The Application of W3C Verifiable Credentials in Modern Digital Scenarios: A Comprehensive Guide

Embracing the world of mDLs and ISO/IEC 18013-5 has been an exciting journey for me. The potential applications of this standard in enhancing people's daily lives while prioritizing data security and privacy amidst the constant stream of data breaches have truly captivated me. However, the recent introduction to the W3C VCs standard by my friend Leo has been a game-changer. This standard, with its profound significance, is set to revolutionize the future of digital credentials verification across in-person and e-commerce scenarios. In this blog, I aim to unravel this standard and share my insights with you.

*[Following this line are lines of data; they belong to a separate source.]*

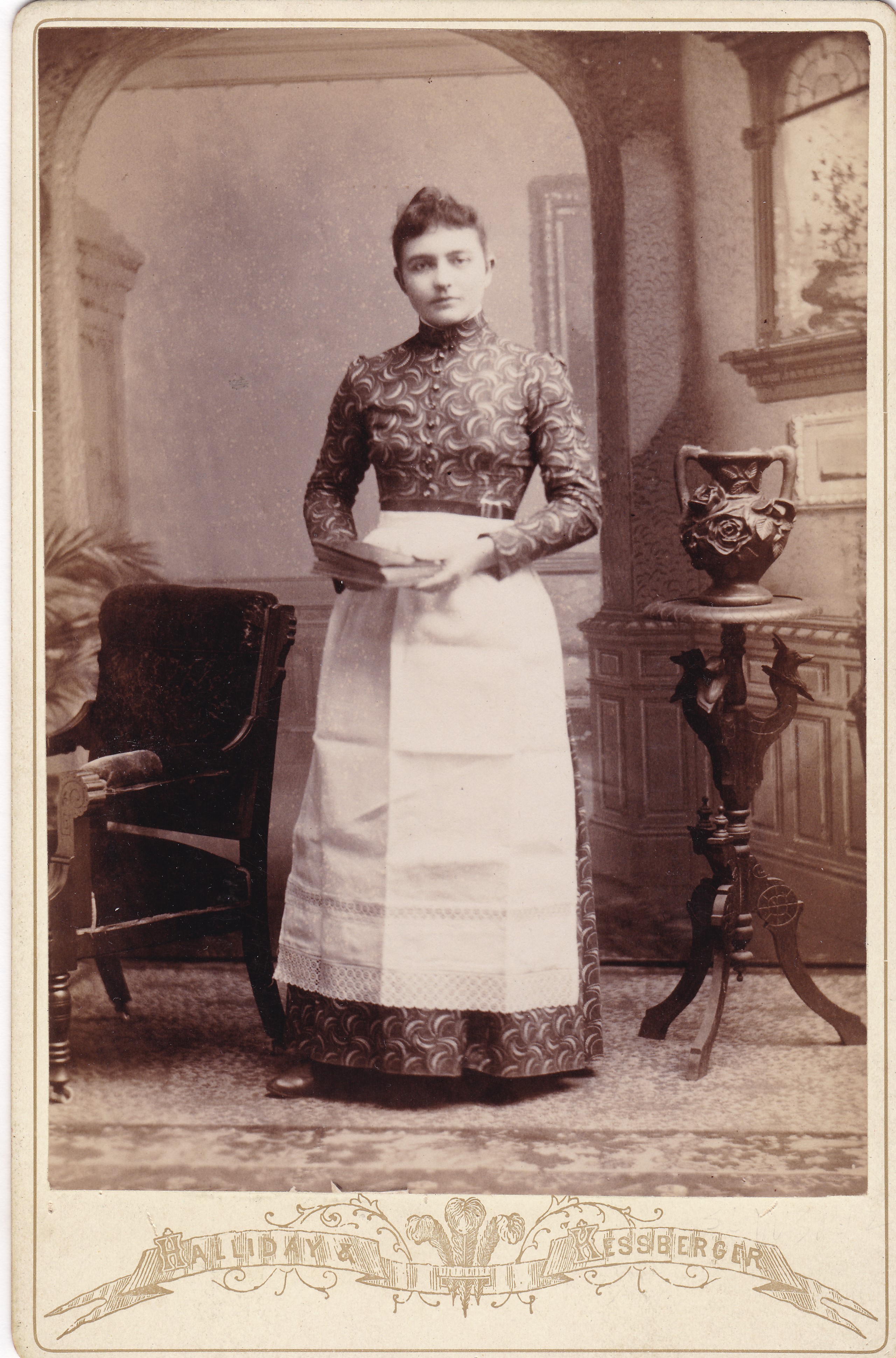 I wonder if it could be a symbol of something other than domestic work, like, something a young academic would wear? (Since she’s holding books, although they could be something like family albums.) I did a very brief search, and did find a New Zealand history page saying that little girls often wore aprons to school in the Victorian era. Just speculating.
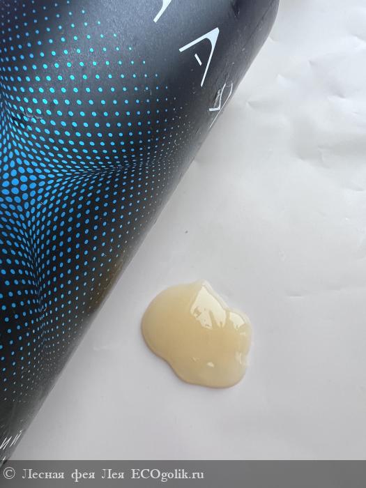 Гель-эксфолиант хранится в чёрном флакончике, изготовленным из полиэтилена высокой плотности низкого давления, в объёме 130 мл. Дизайн минималистичный, имеется рисунок синего цвета. Вся необходимая информация про этот уходовый продукт указана на влагоустойчивой наклейке, приклеенной на флакончик. Текст написан белым шрифтом на чёрном фоне. Информация грамотно структурирована и разделена на пункты,...
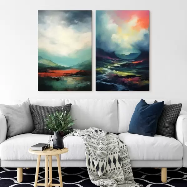 Cuadros Paisaje abstracto con nubes en tonos turquesa y rojo Nr m00691
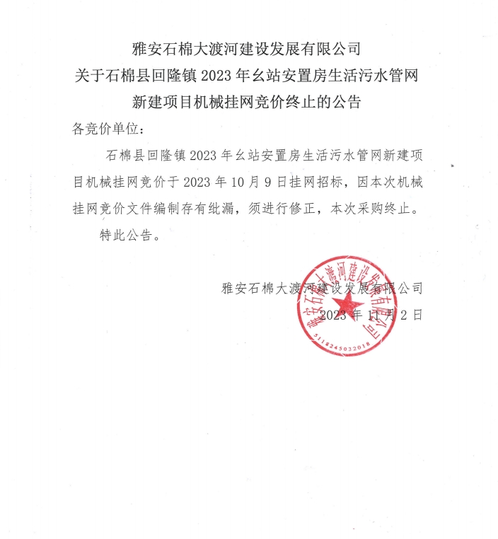 雅安石棉大渡河建設(shè)發(fā)展有限公司關(guān)于石棉縣回隆鎮(zhèn)2023年幺站安置房生活污水管網(wǎng)新建項(xiàng)目機(jī)械掛網(wǎng)競(jìng)價(jià)終止的公告
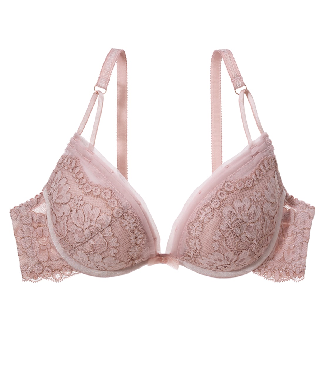 ・カップとサイドベルトに、ピンクゴールドラメ糸入りのレースを使用。ほのかに輝き上品な華やかさ

Get ready to dive into the world of W3C VCs framework! By the time you finish reading this blog, you'll be a pro at understanding these key concepts:

1. Understanding the concept of W3C Verifiable Credentials and their application in various scenarios.

2. Exploring the key components of W3C Verifiable Credentials.

3. Learning about the process of W3C Verifiable Credentials, and how cryptographic techniques ensure privacy, security, and interoperability.

4. Understanding the features of W3C Verifiable Credentials.

Overview

Let's dive into this with a  University (Issuer) example. Imagine the university issuing a verifiable credential, such as a degree or a skills certificate, and the Employer (Verifier) requesting the public key from the registry. The employer then uses this key to validate the credential in the W3C Verifiable Credentials process.

1. A university issues a W3C credential to a student.

2. The student, as the holder, keeps the digital credential issued by the university in a digital wallet on his phone.

3. The student applies for a job, and the employer needs to verify the credentials. The employer already has the university’s public key from a trusted DID registry (previously fetched online) or requests one once, which it can either cache or download for future verifications.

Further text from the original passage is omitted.